§ Problem statement
Repeat only the stretch of lines below that runs from the line with "The black (Rolex" through the line with "Lack of Regulation: ProMarkets", unaltered.

§ Dataset records
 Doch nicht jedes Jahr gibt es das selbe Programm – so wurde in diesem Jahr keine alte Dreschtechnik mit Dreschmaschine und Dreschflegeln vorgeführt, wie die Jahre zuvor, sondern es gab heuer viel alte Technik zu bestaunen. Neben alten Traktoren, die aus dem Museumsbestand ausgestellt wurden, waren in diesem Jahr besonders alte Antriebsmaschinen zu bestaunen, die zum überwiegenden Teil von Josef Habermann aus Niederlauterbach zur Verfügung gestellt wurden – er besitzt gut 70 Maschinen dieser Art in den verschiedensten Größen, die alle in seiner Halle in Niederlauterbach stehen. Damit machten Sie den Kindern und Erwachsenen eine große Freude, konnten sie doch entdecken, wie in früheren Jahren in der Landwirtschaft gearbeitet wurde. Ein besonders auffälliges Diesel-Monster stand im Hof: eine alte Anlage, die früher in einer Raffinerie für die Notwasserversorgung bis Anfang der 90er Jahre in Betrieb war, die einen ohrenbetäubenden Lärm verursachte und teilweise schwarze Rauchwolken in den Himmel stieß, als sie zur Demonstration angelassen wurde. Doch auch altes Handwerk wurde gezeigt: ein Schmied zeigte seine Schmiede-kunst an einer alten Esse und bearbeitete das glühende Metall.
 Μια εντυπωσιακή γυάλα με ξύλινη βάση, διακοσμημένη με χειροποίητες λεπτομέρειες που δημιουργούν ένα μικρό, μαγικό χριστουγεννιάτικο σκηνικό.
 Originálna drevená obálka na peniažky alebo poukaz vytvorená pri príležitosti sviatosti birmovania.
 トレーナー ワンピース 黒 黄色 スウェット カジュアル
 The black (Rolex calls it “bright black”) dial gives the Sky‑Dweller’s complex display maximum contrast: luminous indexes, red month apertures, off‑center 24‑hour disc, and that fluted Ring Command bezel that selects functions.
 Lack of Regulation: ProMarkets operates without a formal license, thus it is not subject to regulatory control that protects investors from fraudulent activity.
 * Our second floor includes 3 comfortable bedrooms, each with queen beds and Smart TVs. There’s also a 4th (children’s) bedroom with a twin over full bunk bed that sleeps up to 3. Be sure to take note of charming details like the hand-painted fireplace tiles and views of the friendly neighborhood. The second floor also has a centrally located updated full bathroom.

==

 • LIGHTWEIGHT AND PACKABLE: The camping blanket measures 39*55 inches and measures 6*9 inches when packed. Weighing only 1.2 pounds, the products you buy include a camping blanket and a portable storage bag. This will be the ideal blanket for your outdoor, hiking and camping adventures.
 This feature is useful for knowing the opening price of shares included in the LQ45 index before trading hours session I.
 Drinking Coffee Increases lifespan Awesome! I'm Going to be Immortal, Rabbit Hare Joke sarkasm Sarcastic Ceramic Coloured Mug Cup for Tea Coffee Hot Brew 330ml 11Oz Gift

§ Answer box
 The black (Rolex calls it “bright black”) dial gives the Sky‑Dweller’s complex display maximum contrast: luminous indexes, red month apertures, off‑center 24‑hour disc, and that fluted Ring Command bezel that selects functions.
 Lack of Regulation: ProMarkets operates without a formal license, thus it is not subject to regulatory control that protects investors from fraudulent activity.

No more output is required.